‘Streets to Homes’ Makes Huge Impact for Toronto Homeless

When it comes to the homeless one program in Toronto appears to be working. Streets to Homes is an award winning program started in Toronto. Since it being in early 2005 more than 2,400 homeless people have found permanent housing.
Clients are saying that having a home of their own has changed their lives. They also say that they are using less alcohol and drugs now that they are off the streets. What is most amazing almost 91 per cent of those who have been placed in housing remain in housing. The program has a zero waiting list allowing them to help people quickly leave the street and enter into a home of their own according to Pat Anderson of the Toronto City housing department.

Research has shown that the those who are in the Streets to Homes Program are less likely to use costly emergency services in Toronto. Not only does this benefit the city but the cost impact is shared by the Province and the Federal government.

Housing officials are able to take the success of the program and leverage it with the provisional government for more funding.

The idea of the program is to bypass shelters or transitional housing and put the homeless straight into their own apartment. So far 2,400 have been placed in a home of their own according to Pat Anderson.

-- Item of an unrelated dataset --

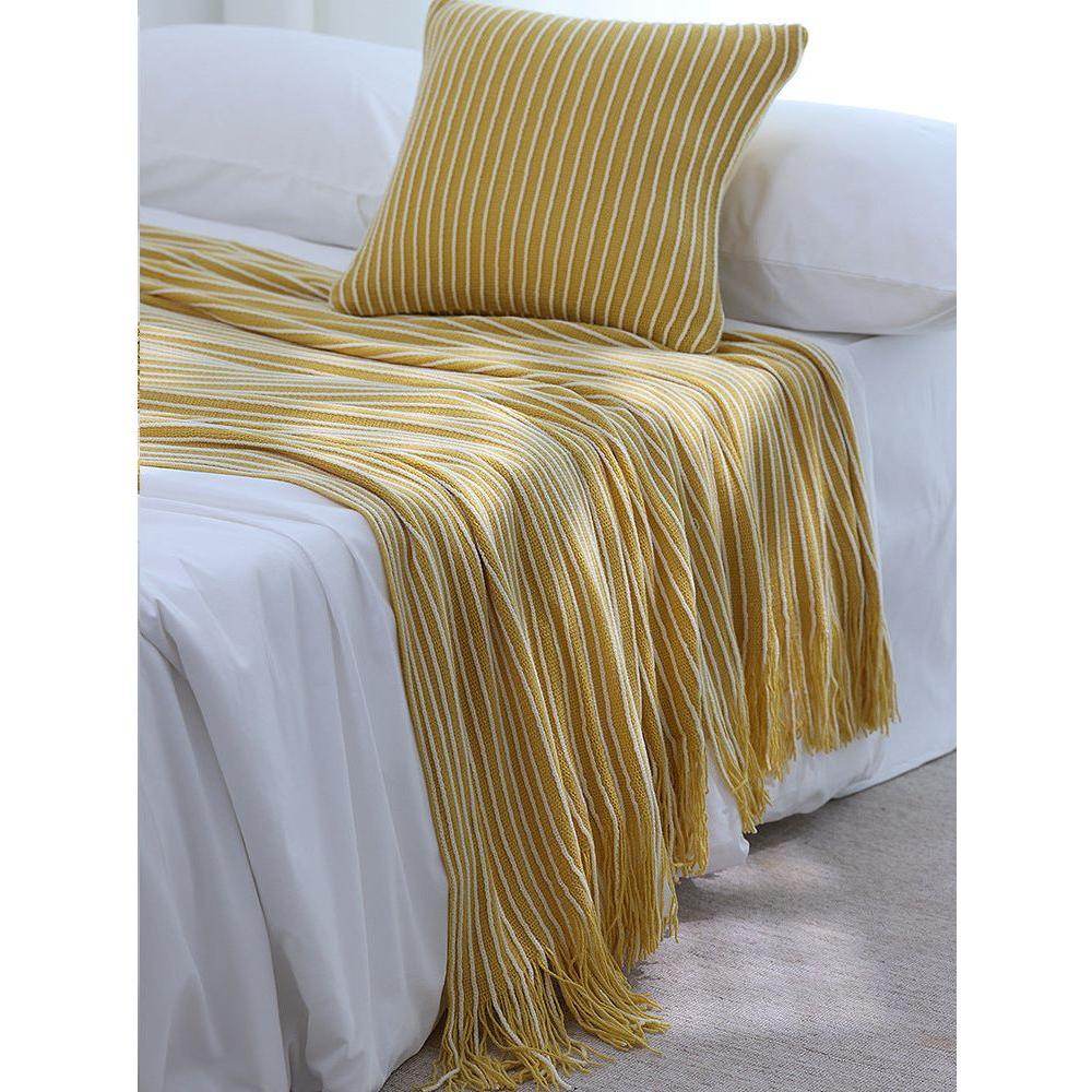Yellow Cozy Knit Throw Blanket with Fringe - Stylish Striped Bed End Cover, 127x170CM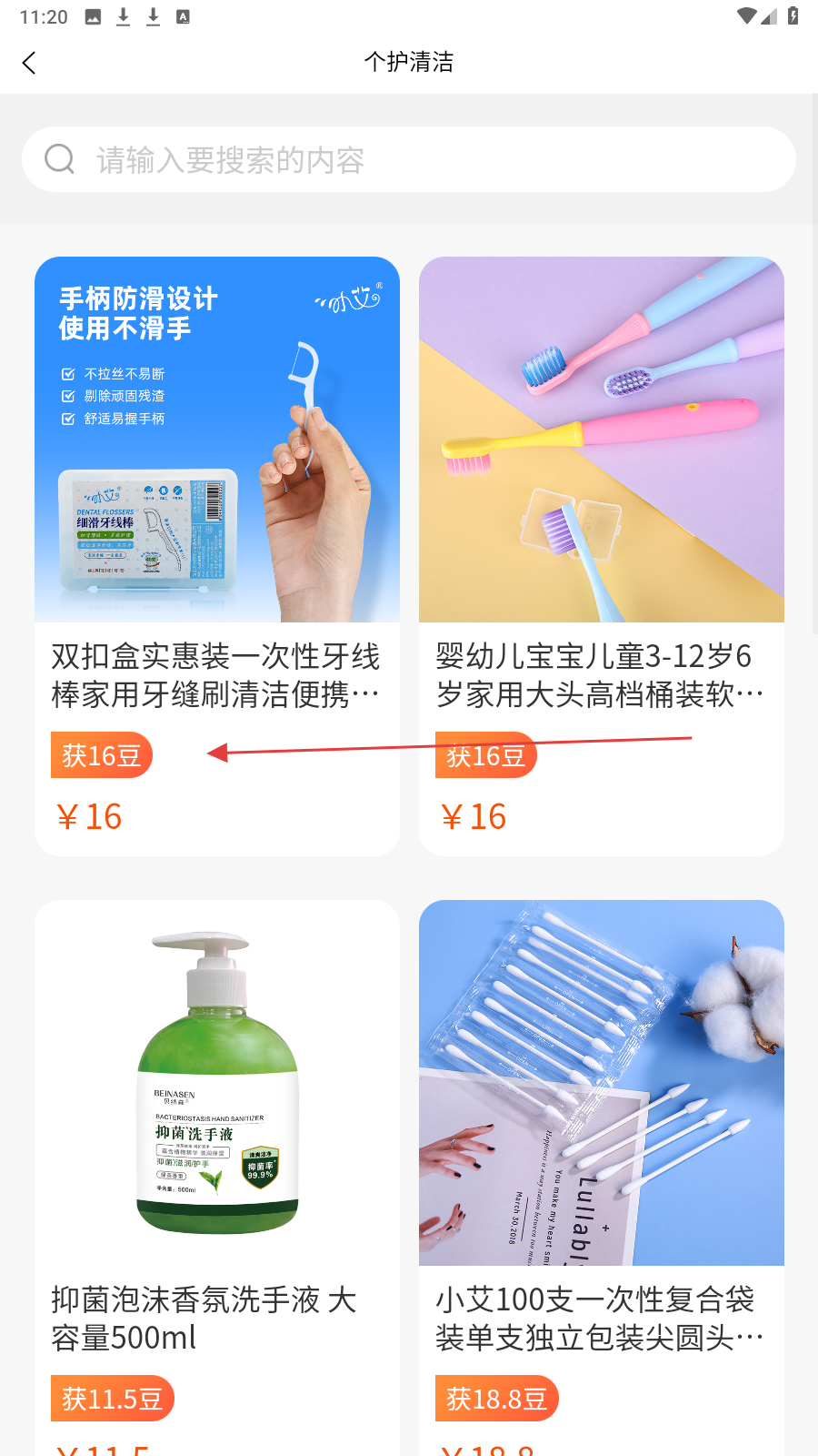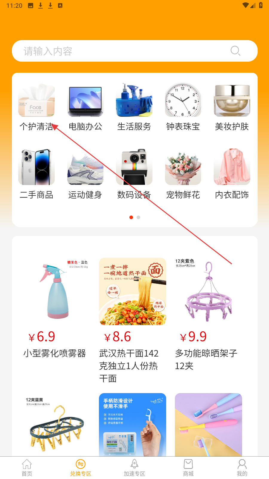 2、在兑换专区,点击【个护清洁】分类,浏览对应商品列表。

Not only does the program help the homeless have a place to sleep their health, mental health, food quality, sleeping, personal safety and social interaction has improved in the majority of cases.

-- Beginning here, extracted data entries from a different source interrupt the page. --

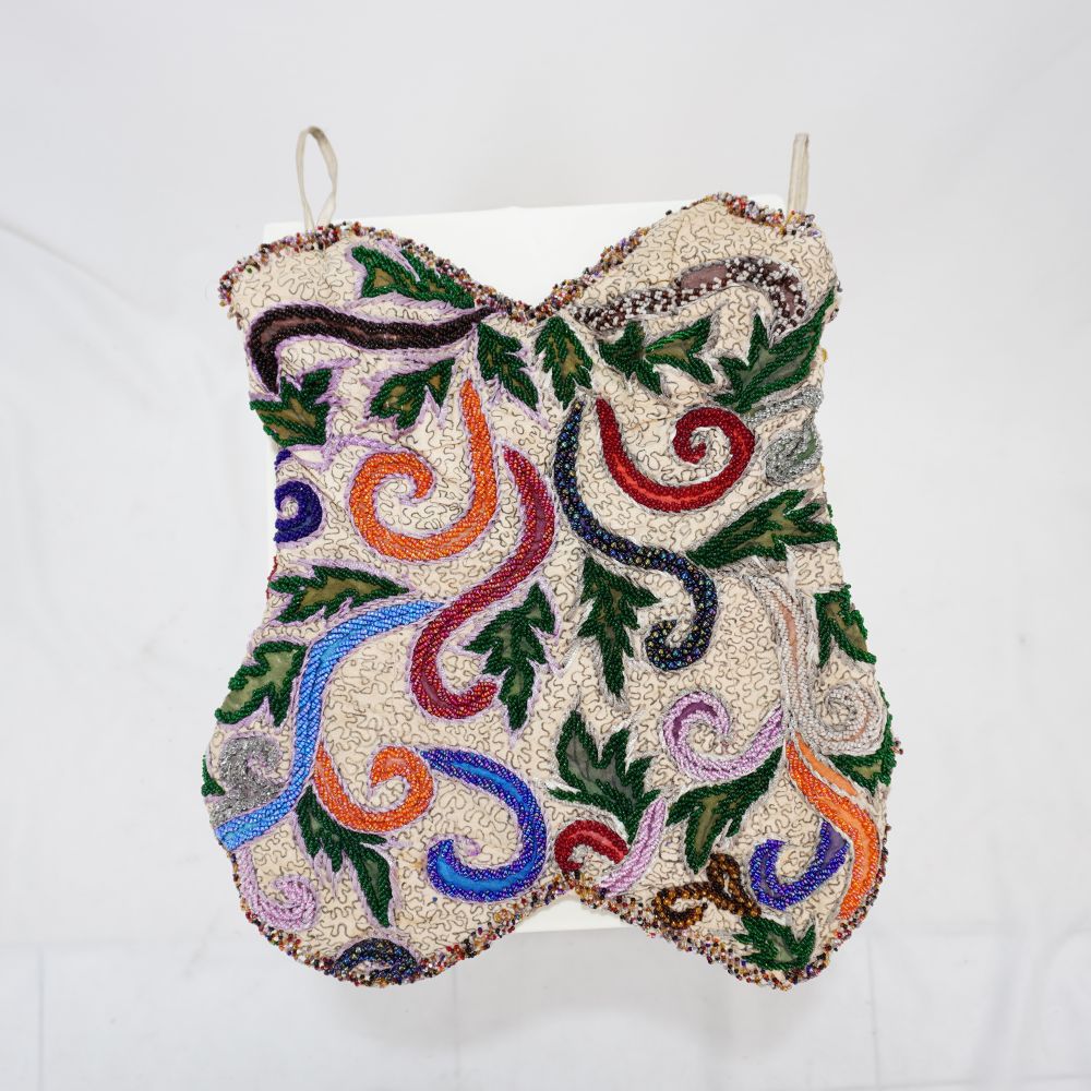 by Michelle Araujo Leia Mais...Bustiê sem alças, base em tecido plano bege estampado com formas orgânicas pretas, aplicações com bordados de miçangas coloridas e cordões, zíper e colchete para fechamento no centro...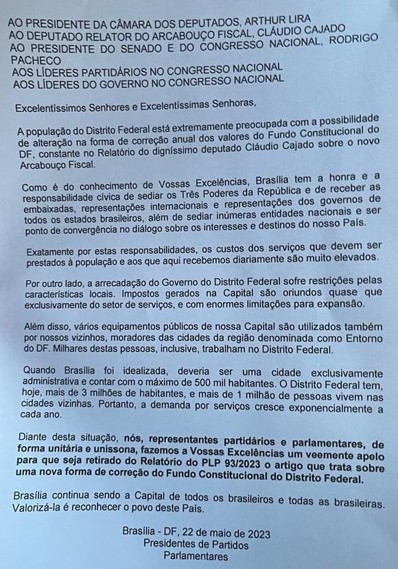 Diante da relevância da matéria, senadores, deputados federais e distritais, independentemente de orientação política, uniram-se contra a mudança no fundo e assinaram a carta. Assinaram o documento PSD, PT, PV, PDT, PSB, PSDB, PP, União Brasil, PL, MDB, Cidadania, PSC, Podemos, Avante, Republicanos, PCdoB, PSol e PMN.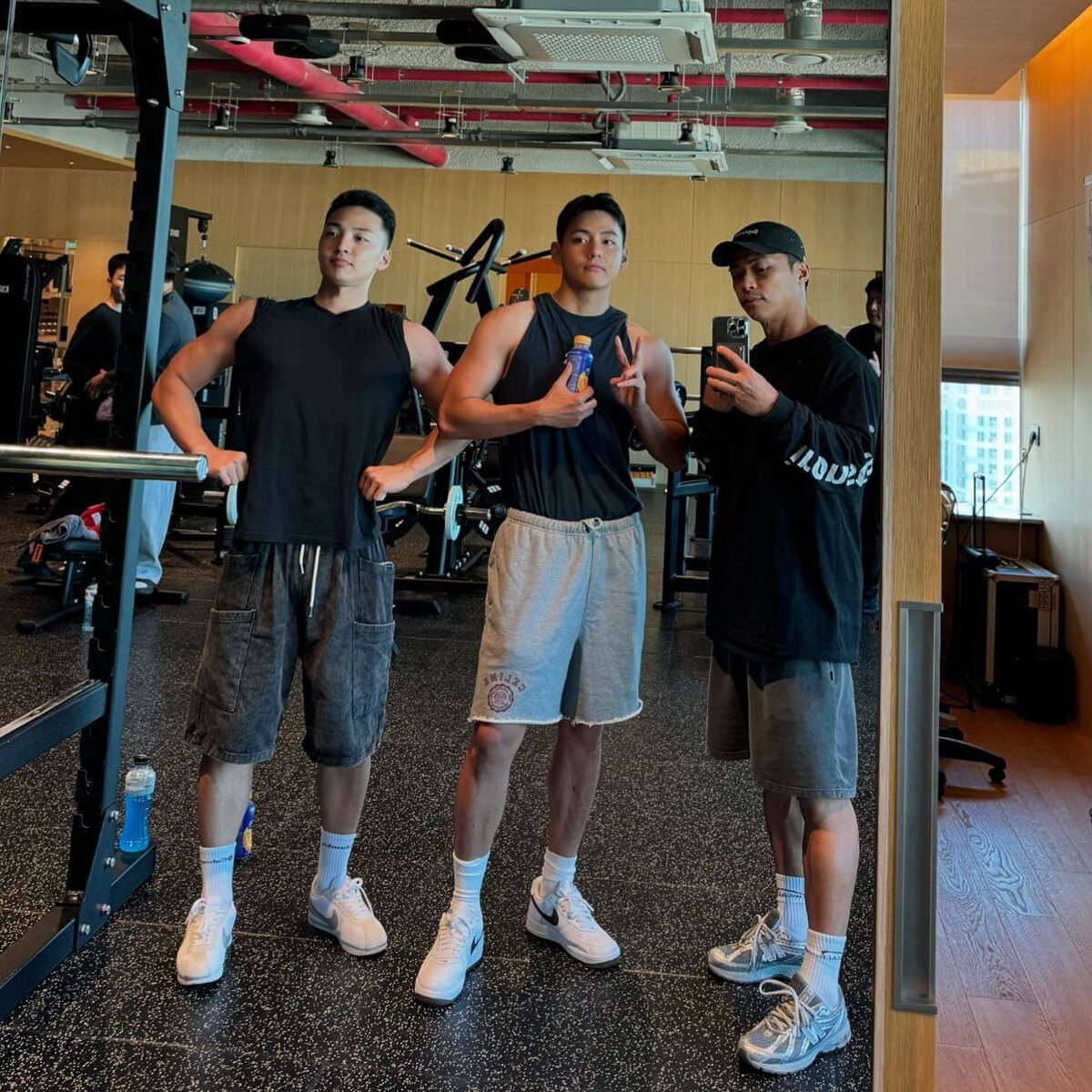 Армейский отдых Тэхёна явно получается богатым на встречи с друзьями, и о чем-то он рассказывает нам сам, а некоторые моменты доходят как раз через тех самых друзей. Так сегодня нам устроили очень нежное пробуждение, благодаря тому, что известный в Корее бодибилдер Ма Сун Хо выложил фото из зала: 💟: Усердно занимаются спортом даже во время отпуска Молодежь которой можно гордиться Тэхён и Минджэ Я завидую их молодости и их красивым лицам... С нетерпением жду следующего отпуска👍🏻 Обязательно еще раз съедим краба в соевом соусе... Ну что же. Протяжное а-а-а-а-а. И давайте поговорим об этом. Разумеется, что мы знали, что Тэхёни заметно набрал массу и нарастил мышцы, он периодически готовил нас к этому, подворачивая рукавчики на футболке и игриво отсвечивая бицепсами. Но вот так, прям вот с ходу, да во всей красе... Я даже не знааааю. На самом деле, он действительно в отличной форме. Поджарый, мускулистый, с широким разворотом плеч и очевидно, что кайфующий от себя. Что, впрочем, сове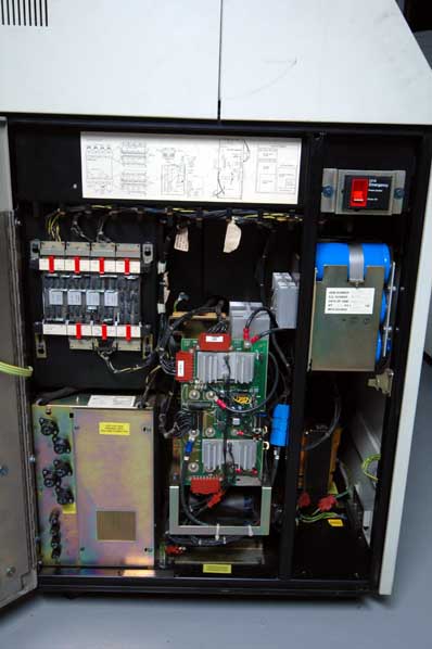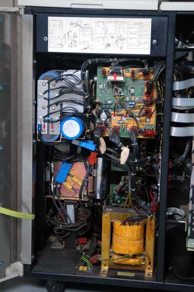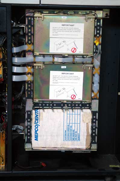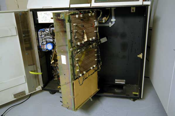 Opening up the back - disk drives on the left, I/O panels and main CB on

An important component of the enhanced service is a single phone number for the public for those who are street involved in the downtown core. The staff is then able to direct the person to the right social service approach that is needed.

The program is operated by City staff with partnerships with 25 community non-for-profit agencies. The program was one of the finalists for the 2007/08 World Habitat Awards.

Toronto.ca reports:

“Streets to Homes is helping us to end street homelessness,” said Mayor David Miller. “It is making Toronto a more inclusive city, and the world is taking notice. This recognition is a tribute to both City staff and our community partners, who have worked together tirelessly and seamlessly to help some of our most vulnerable citizens.”

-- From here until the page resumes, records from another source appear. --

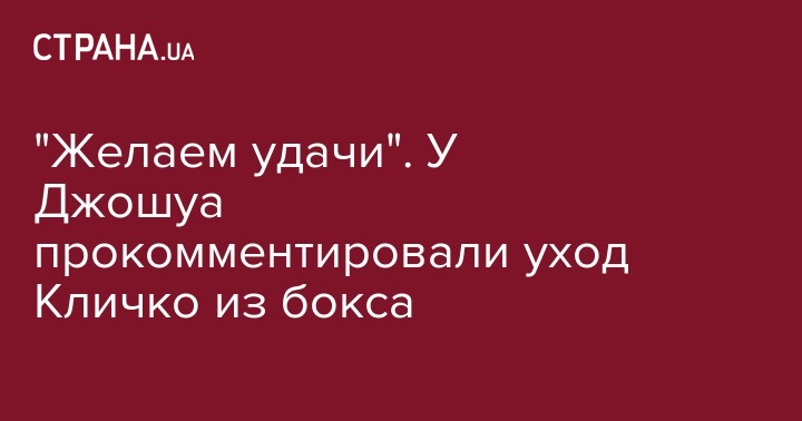 "Сегодня узнал от Бернда Бенте (менеджер Кличко - ред.), что Владимир Кличко принял решение завершить карьеру. Мы желаем ему удачи!", - сказал промоутер и менеджер Джошуа.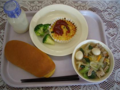 本日の献立は、パンプキンパン、チーズ入り卵焼き、白菜と春雨のスープ、ゆでブロッコ...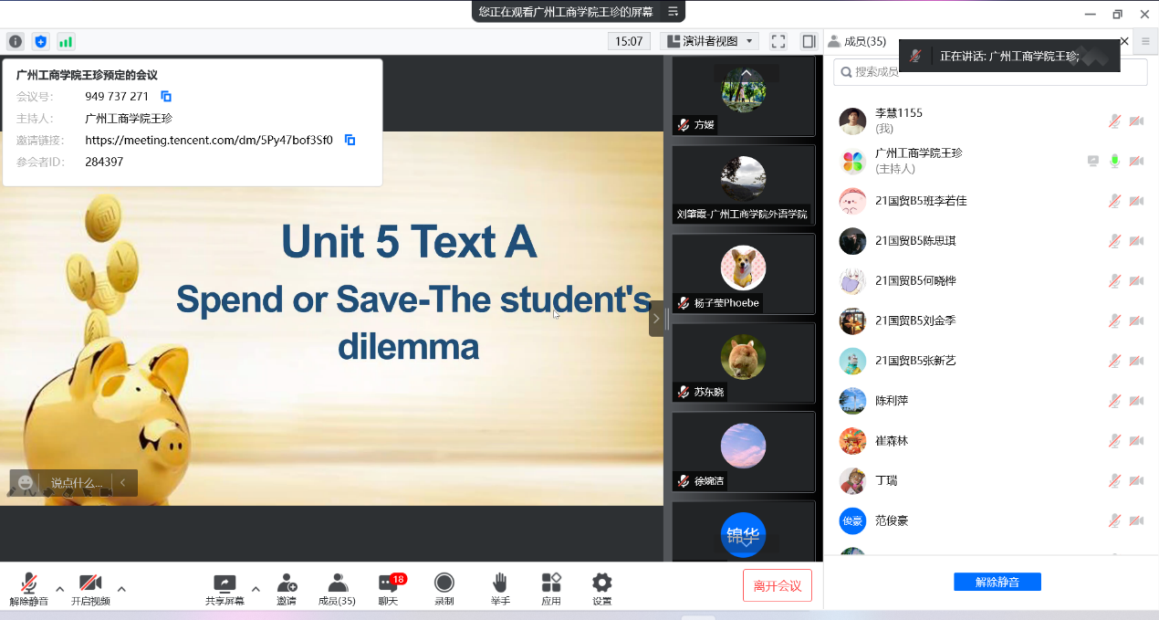示范课主讲教师王珍是大学英语教研室的专任教师,具有丰富的教学经验,曾多次获得学院“优秀教职工”称号,深受学生喜爱。因考虑到疫情防护,示范课以线上的形式开展。王珍老师选取《大学英语II》课程的《新视野大学英语读写教程》第二册第五单元Text A进行示范授课,该单元课文主题是平衡消费与储蓄。王珍老师准备充分,对示范课的教学环节进行精心设计,从教学内容、教学目标、教学回顾、课文导入、段落内容讲解分析、小组讨论活动以及作业布置等方面,完整地呈现了示范课的流程。示范课利用生动形象的视频及学习通网络教学平台,充分调动学生参与课堂的积极性。示范课最大的亮点是课程思政元素的融入及充分体现,王珍老师通过课堂教学,除了让学生充分理解课文内容,同时加强学生的中国传统价值观,引导学生树立正确的消费观。

The model of Streets to Homes in use today is enhanced built from the 2007 Pilot Project. During the first 12 weeks of the 63 per cent of those who were panhandling stopped this practice.

The staff of Streets to Homes are down in the trenches. They engage with as many homeless people as they can. Not every homeless person is visible, some live in the ravines that most don’t venture into. The program helps not just the homeless but anyone who is ‘street involved.’ That includes people residing in shelters, homeless and those who have legal housing but panhandle.

“We are not telling people not to give or to give when it comes to panhandlers. What the city does believe in is directing people to social service response programs.”- Pat Anderson

The front-line workers work 24 hours a day in the winter and the summer with outreach programs. They have a mobile service that hits every part of Toronto. The program is in operation from 7 a.m. until 10 p.m. seven days a week during the fall and spring. There are currently 39 front-line City staff in the program, up from the 10 staff at the beginning of the program.

A recent study by the Ontario Association of Food Banks also found that the cost of
poverty in Ontario related to increased health care costs, crime and lost productivity was
$32 billion to $38 billion a year – the equivalent of 5.5 per cent to 6.6 per cent of
provincial GDP.

Once a person is in housing the average daily follow-up costs the city of Toronto a mere $10 combined with their housing costs total an average between $22 to $41 per day.

Those who wish to help can volunteer for the program. Ms. Anderson said that one program has volunteers going to apartment buildings that have several clients in them and setting up bingo nights and spaghetti dinners.